The History of the Particle Accelerator

The first working particle accelerator, built by Ernest O. Lawrence, came to existence in 1931 as part of the Manhattan Project. The two basic designs which were used to accelerate particles are still used today: the linac (linear accelerator) and the cyclotron. The Lawrence cyclotron was first used in clinical trials at the Lawrence Berkeley National Laboratory in 1954.

Currently there are around 30,000 particle accelerators dotted across the globe, with over 40 million medical patients having benefited, either by diagnosis or treatment, from almost 60 years of medical research using linear accelerators.

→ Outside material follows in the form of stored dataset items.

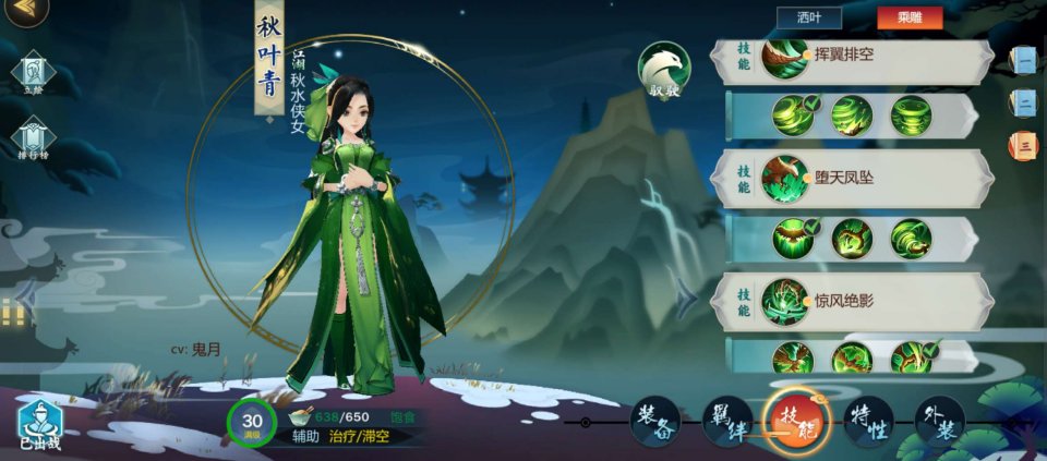 一技能金羽横云:残页或绝章 (残页:大雕不再俯冲 改为原地用利爪攻击前方目标 绝章:领悟新招式‘秋叶逢春’在自身半径20尺范围能选择一名队友为其回复气血值) {秋叶青的双状态使得她打本有两种选择 残页的更改攻击方式与绝章的转换为治疗技能 皆适用于打本 看个人喜好}
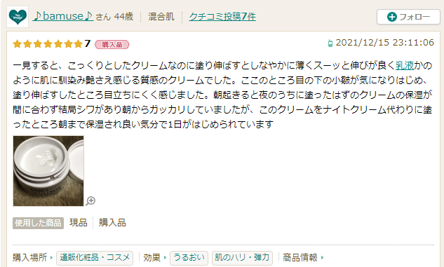 乍一看,明明是厚实的乳霜质地,但涂抹起来延展性非常好,薄薄地像乳液一样,是一款亲肌且带点光泽质感的乳霜。最近比较在意眼下的细纹,这款面霜涂开之后,感觉细纹没以前那么明显了。以前早上起来的时候,因为晚上涂的面霜没有及时保湿,结果脸上有了皱纹,导致我从早上开始心情就不好,但自从用这个面霜代替了以前的晚霜之后,能保湿一整晚,第二天也能心情很好地开始新的一天。
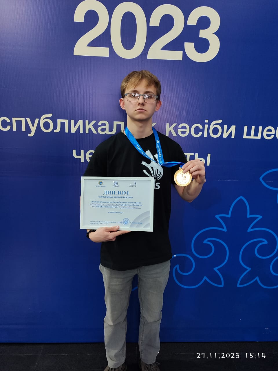 Золото в компетенции Инженерная графика CAD получил участник из города Костанай Трефилов Сергей, который будучи школьником выиграл Региональный этап и представлял Костанайскую область в Финале соревнований.
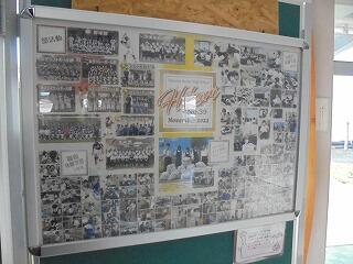 (下、事務室前に学校の航空写真(昭和30年代、昭和50年代)のものを掲示しました。)
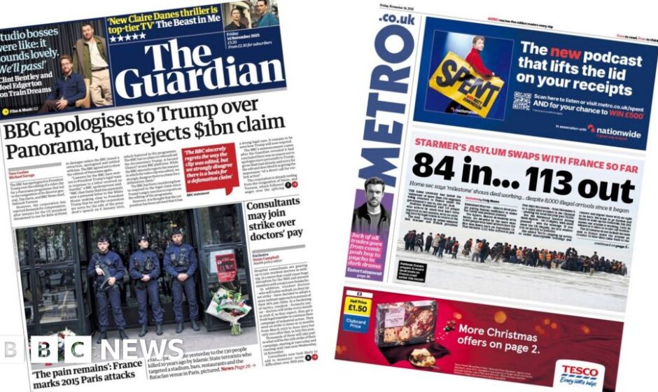 Issued one day before the deadline set by the US president, the BBC’s official apology to Donald Trump leads the way on the front page of the Guardian. Under the headline “BBC apologises to Trump over Panorama, but rejects $1bn claim” the paper quotes the BBC’s public statement that “sincerely regrets” how it edited a clip of his speech in a Panorama documentary, but strongly disagrees there is a basis for Trump’s defamation claim.

Using Radiation Therapy to Treat Cancer

Despite these impressive statistics, radiation therapy cannot deal with the complexity of tumors since it is ineffective against quiescent non dividing cells. A tumor is comprised of many clones of cancer cells which are different in their cycling time and in their genetic makeup, which makes them sensitive or resistant to drugs and radiation.

If a therapy, whether it be drug or radiation based, eliminates some of these cells, cancer stem cells will rise and reproduce the tumor. As a result, radiation therapy needs to adapt in order to increase its curative power.

How does Radiation Therapy Work?

The science which underpins how radiation therapy works is based on the interaction between the nature of the particle, such as X-rays, photons, electrons, protons or heavy ions such as carbon ions, and with tumors and normal cells.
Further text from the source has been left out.